What is a 'deep depletion'?

deep depletion...

could you explain it really really as in easy as even a child may understand?

Look at Fig. 4.4. (C-V characteristic of a poly/n-well MOSCAP) in the PDF below. The deep depletion region is the range in the depletion region, where the low frequency CV curve is at (or close to) its minimum, or - in short form - the center part of the depletion region.
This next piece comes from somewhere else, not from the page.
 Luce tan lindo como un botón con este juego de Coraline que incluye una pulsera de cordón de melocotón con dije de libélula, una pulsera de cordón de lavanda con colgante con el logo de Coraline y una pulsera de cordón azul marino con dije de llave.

At the min. value of the CV curve (in the center of the depletion region), the Vg voltage not only compensates the fixed positive charges of the n dopant ions, but also has driven away all the mobile negative charges (the electrons) and so created a wide space charge region (hence the CV curve is at its minimum value). Further lowering the Vg voltage (to more negative values) starts to generate mobile positive charges (holes) at the Si/SiO2 interface, which penetrate into the depletion region and so increase the MOSCAP's capacitance, until full inversion takes place and the MOSCAP reaches its maximum capacitance Cmax = ε/tox . This is well detailed in the PDF below.
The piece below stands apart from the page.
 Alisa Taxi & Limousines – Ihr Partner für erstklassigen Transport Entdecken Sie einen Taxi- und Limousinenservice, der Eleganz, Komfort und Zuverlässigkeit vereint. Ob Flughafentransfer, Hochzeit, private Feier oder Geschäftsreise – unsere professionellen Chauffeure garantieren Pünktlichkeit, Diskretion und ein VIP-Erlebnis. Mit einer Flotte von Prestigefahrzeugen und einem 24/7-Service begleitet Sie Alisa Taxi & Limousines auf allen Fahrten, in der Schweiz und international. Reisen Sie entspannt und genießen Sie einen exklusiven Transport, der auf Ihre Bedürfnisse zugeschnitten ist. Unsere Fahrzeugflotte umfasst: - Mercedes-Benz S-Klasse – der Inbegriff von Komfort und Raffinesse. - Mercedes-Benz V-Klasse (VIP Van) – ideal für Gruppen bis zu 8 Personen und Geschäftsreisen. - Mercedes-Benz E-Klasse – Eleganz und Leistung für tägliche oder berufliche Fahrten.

I'm not sure if your child will understand this ;-)

erikl said:

Look at Fig. 4.4. (C-V characteristic of a poly/n-well MOSCAP) in the PDF below. The deep depletion region is the range in the depletion region, where the low frequency CV curve is at (or close to) its minimum, or - in short form - the center part of the depletion region.

At the min. value of the CV curve (in the center of the depletion region), the Vg voltage not only compensates the fixed positive charges of the n dopant ions, but also has driven away all the mobile negative charges (the electrons) and so created a wide space charge region (hence the CV curve is at its minimum value). Further lowering the Vg voltage (to more negative values) starts to generate mobile positive charges (holes) at the Si/SiO2 interface, which penetrate into the depletion region and so increase the MOSCAP's capacitance, until full inversion takes place and the MOSCAP reaches its maximum capacitance Cmax = ε/tox . This is well detailed in the PDF below.

I'm not sure if your child will understand this ;-)

Click to expand...

Erik - your picture 4.4 does not show a deep depletion. It shows just the "usual" (low-frequency, or steady-state) depletion.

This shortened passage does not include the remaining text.